→ INSTRUCTIONS FOR THE TASK: Repeat each record below exactly, dropping the pictures.

Stored records:
╭──

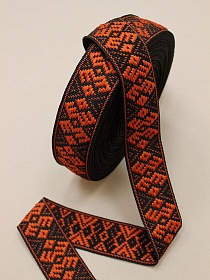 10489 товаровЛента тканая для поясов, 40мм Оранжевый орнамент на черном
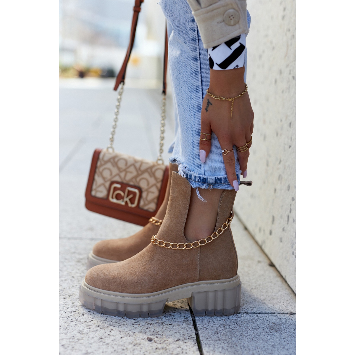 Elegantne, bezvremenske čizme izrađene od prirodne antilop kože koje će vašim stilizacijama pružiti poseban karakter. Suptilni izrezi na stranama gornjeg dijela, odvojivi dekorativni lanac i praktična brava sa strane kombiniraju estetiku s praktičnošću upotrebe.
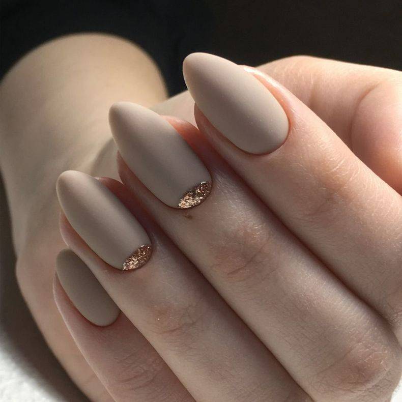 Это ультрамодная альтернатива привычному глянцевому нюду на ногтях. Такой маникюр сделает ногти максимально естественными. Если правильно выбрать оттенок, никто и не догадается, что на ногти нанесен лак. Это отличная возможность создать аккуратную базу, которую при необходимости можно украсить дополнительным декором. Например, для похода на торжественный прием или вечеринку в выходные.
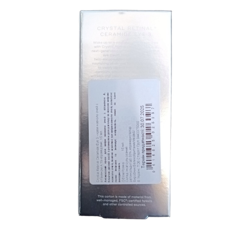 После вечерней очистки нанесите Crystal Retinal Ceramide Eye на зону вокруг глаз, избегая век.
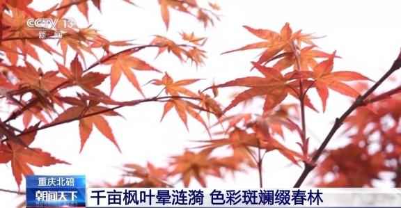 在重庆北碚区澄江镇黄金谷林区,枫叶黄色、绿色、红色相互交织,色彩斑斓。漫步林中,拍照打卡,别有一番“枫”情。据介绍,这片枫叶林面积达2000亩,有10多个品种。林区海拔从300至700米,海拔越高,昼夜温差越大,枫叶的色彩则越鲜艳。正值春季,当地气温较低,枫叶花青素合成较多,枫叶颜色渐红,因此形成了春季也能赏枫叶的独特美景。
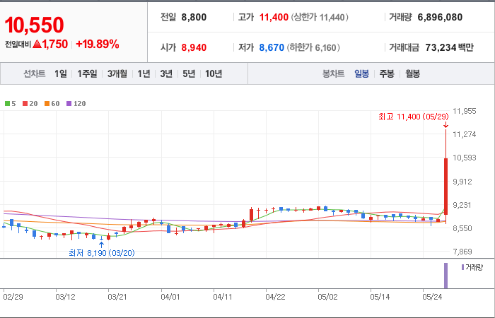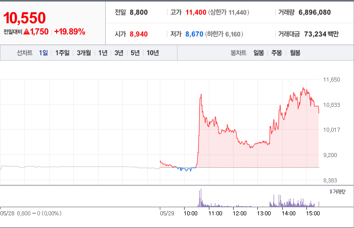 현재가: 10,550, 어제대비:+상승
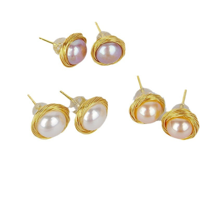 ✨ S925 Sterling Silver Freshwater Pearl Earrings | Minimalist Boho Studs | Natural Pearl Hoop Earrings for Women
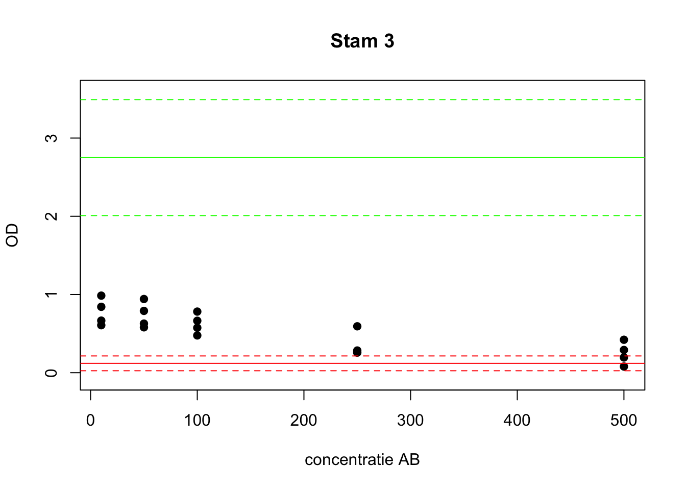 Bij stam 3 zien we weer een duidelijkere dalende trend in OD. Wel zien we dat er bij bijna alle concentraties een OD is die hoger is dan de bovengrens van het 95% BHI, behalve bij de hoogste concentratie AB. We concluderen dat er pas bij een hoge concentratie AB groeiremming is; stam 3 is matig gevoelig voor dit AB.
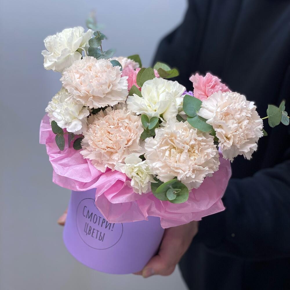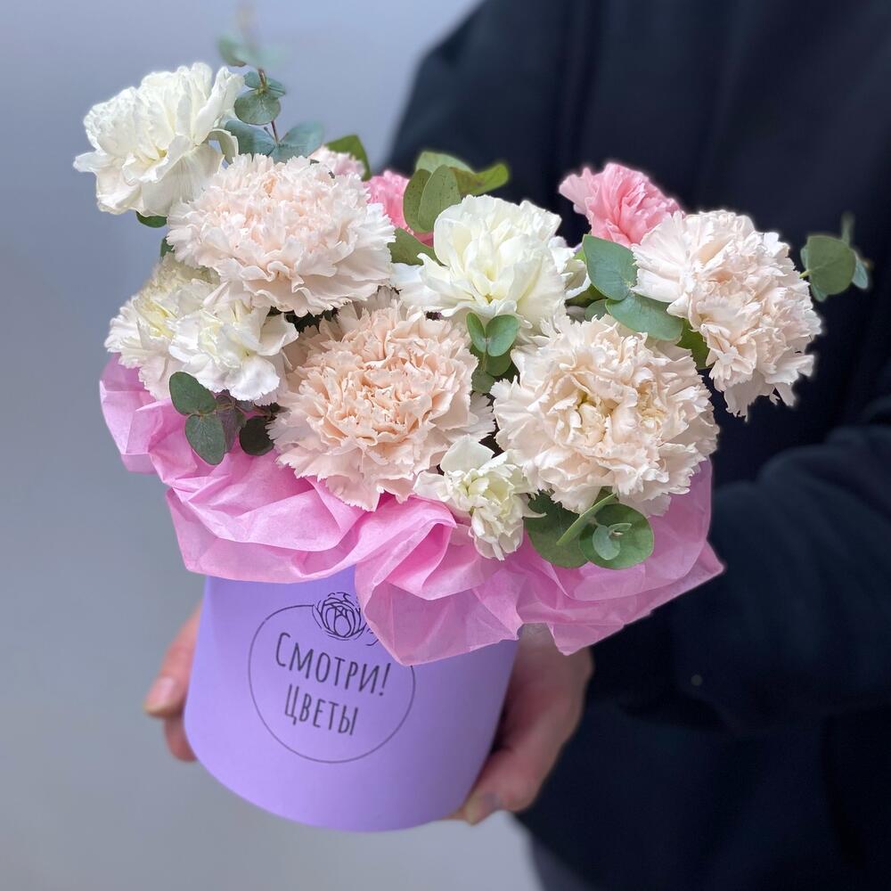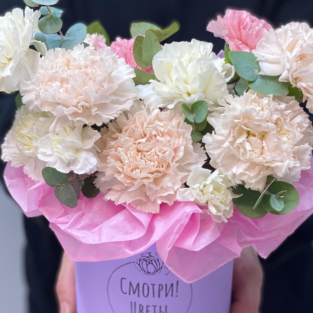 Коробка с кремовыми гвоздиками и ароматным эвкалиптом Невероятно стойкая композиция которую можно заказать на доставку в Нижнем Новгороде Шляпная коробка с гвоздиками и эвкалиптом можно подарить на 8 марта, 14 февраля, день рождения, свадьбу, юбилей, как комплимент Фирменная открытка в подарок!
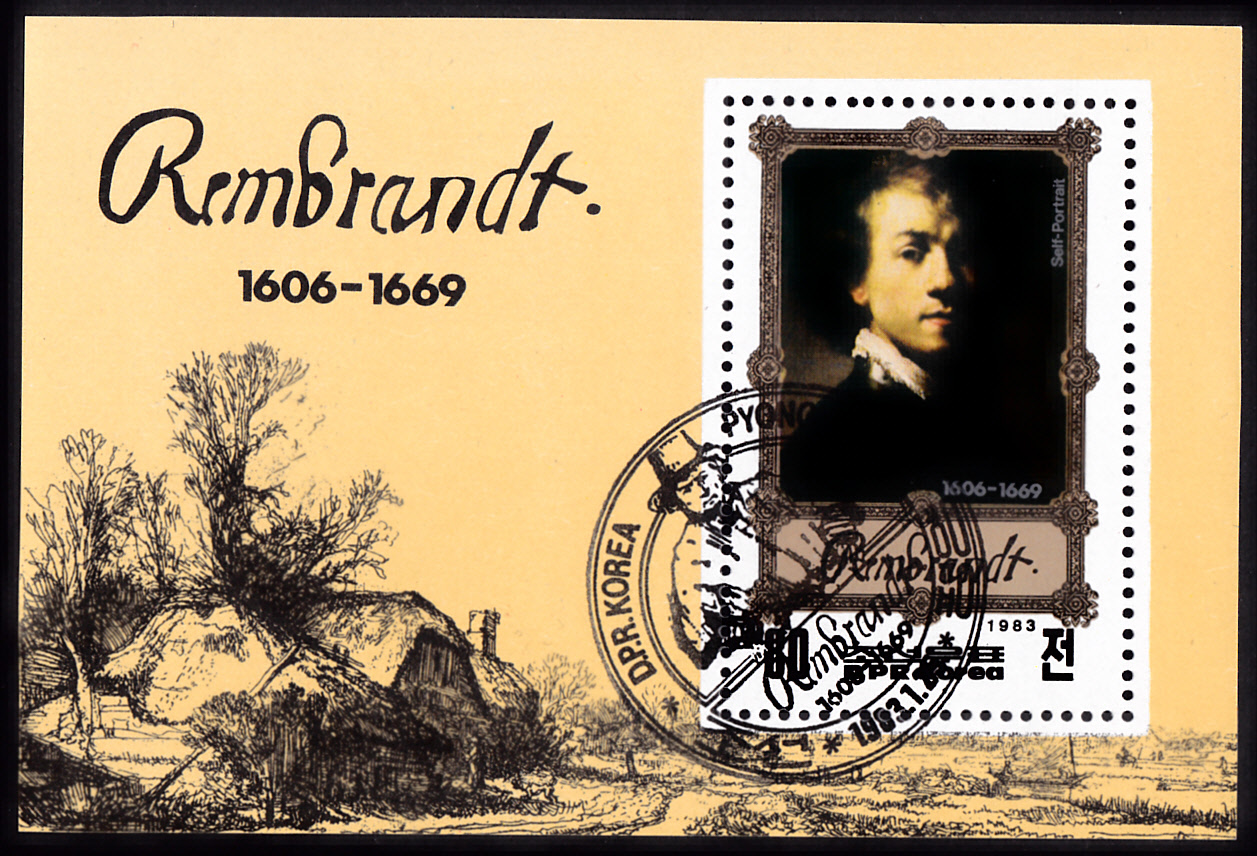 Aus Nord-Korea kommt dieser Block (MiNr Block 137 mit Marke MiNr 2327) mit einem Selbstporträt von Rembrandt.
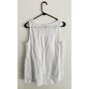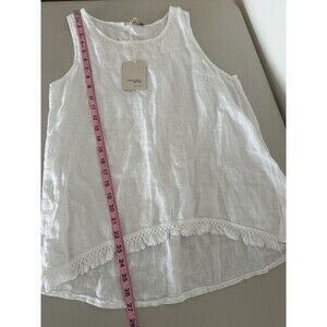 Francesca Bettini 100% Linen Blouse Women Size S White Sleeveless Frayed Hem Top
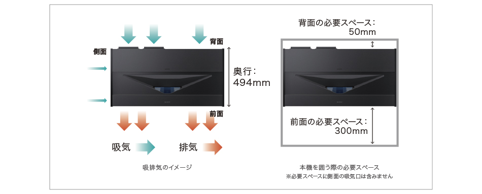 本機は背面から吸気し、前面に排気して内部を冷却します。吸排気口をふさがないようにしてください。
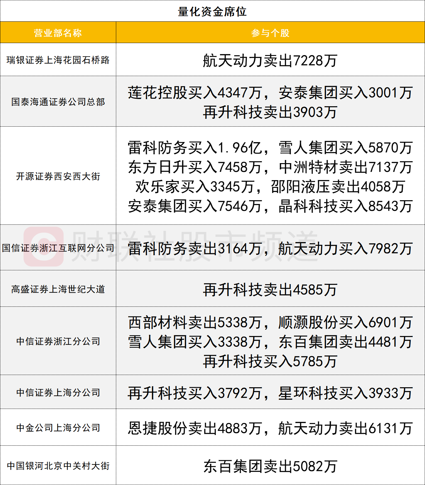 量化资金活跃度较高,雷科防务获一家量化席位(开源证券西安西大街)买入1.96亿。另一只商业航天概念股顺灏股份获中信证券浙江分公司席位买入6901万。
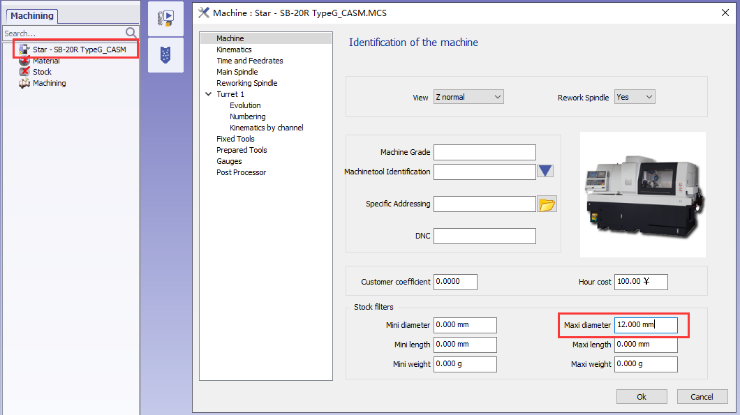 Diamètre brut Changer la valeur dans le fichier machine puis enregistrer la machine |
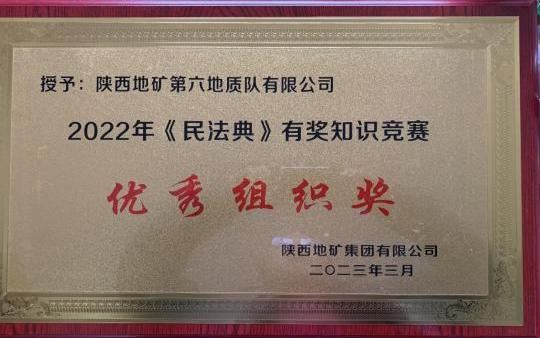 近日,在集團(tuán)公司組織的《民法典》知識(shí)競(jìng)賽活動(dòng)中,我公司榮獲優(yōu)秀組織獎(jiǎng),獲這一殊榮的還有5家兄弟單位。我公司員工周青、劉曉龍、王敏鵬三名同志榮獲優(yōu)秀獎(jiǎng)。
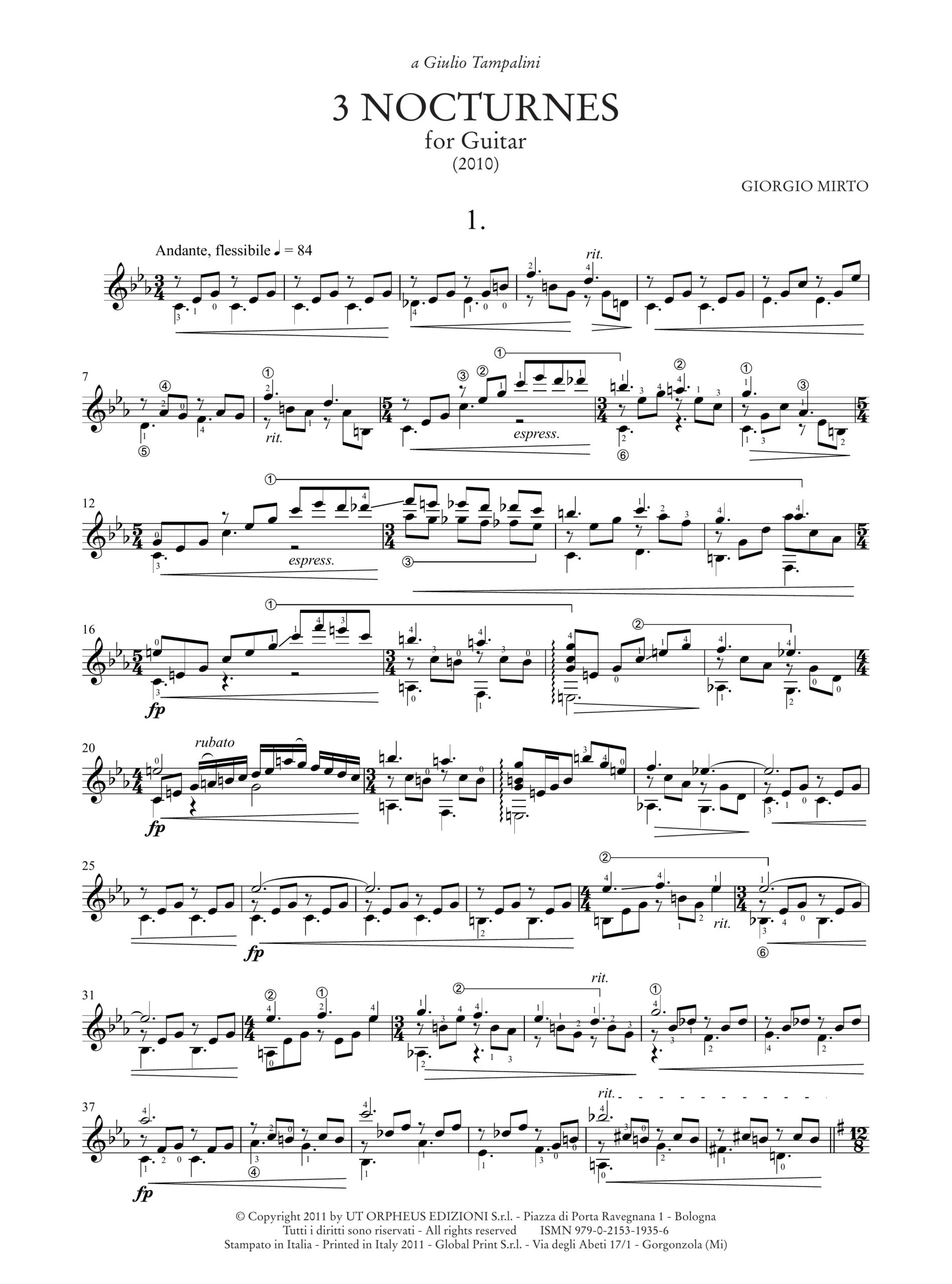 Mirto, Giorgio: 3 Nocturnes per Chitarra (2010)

╰──

→ RESULT OF THE EXERCISE:
 10489 товаровЛента тканая для поясов, 40мм Оранжевый орнамент на черном
 Elegantne, bezvremenske čizme izrađene od prirodne antilop kože koje će vašim stilizacijama pružiti poseban karakter. Suptilni izrezi na stranama gornjeg dijela, odvojivi dekorativni lanac i praktična brava sa strane kombiniraju estetiku s praktičnošću upotrebe.
 Это ультрамодная альтернатива привычному глянцевому нюду на ногтях. Такой маникюр сделает ногти максимально естественными. Если правильно выбрать оттенок, никто и не догадается, что на ногти нанесен лак. Это отличная возможность создать аккуратную базу, которую при необходимости можно украсить дополнительным декором. Например, для похода на торжественный прием или вечеринку в выходные.
 После вечерней очистки нанесите Crystal Retinal Ceramide Eye на зону вокруг глаз, избегая век.
 在重庆北碚区澄江镇黄金谷林区,枫叶黄色、绿色、红色相互交织,色彩斑斓。漫步林中,拍照打卡,别有一番“枫”情。据介绍,这片枫叶林面积达2000亩,有10多个品种。林区海拔从300至700米,海拔越高,昼夜温差越大,枫叶的色彩则越鲜艳。正值春季,当地气温较低,枫叶花青素合成较多,枫叶颜色渐红,因此形成了春季也能赏枫叶的独特美景。
 현재가: 10,550, 어제대비:+상승
 ✨ S925 Sterling Silver Freshwater Pearl Earrings | Minimalist Boho Studs | Natural Pearl Hoop Earrings for Women
 Bij stam 3 zien we weer een duidelijkere dalende trend in OD. Wel zien we dat er bij bijna alle concentraties een OD is die hoger is dan de bovengrens van het 95% BHI, behalve bij de hoogste concentratie AB. We concluderen dat er pas bij een hoge concentratie AB groeiremming is; stam 3 is matig gevoelig voor dit AB.
 Коробка с кремовыми гвоздиками и ароматным эвкалиптом Невероятно стойкая композиция которую можно заказать на доставку в Нижнем Новгороде Шляпная коробка с гвоздиками и эвкалиптом можно подарить на 8 марта, 14 февраля, день рождения, свадьбу, юбилей, как комплимент Фирменная открытка в подарок!
 Aus Nord-Korea kommt dieser Block (MiNr Block 137 mit Marke MiNr 2327) mit einem Selbstporträt von Rembrandt.
 Francesca Bettini 100% Linen Blouse Women Size S White Sleeveless Frayed Hem Top
 本機は背面から吸気し、前面に排気して内部を冷却します。吸排気口をふさがないようにしてください。
 量化资金活跃度较高,雷科防务获一家量化席位(开源证券西安西大街)买入1.96亿。另一只商业航天概念股顺灏股份获中信证券浙江分公司席位买入6901万。
 Diamètre brut Changer la valeur dans le fichier machine puis enregistrer la machine |
 近日,在集團(tuán)公司組織的《民法典》知識(shí)競(jìng)賽活動(dòng)中,我公司榮獲優(yōu)秀組織獎(jiǎng),獲這一殊榮的還有5家兄弟單位。我公司員工周青、劉曉龍、王敏鵬三名同志榮獲優(yōu)秀獎(jiǎng)。
 Mirto, Giorgio: 3 Nocturnes per Chitarra (2010)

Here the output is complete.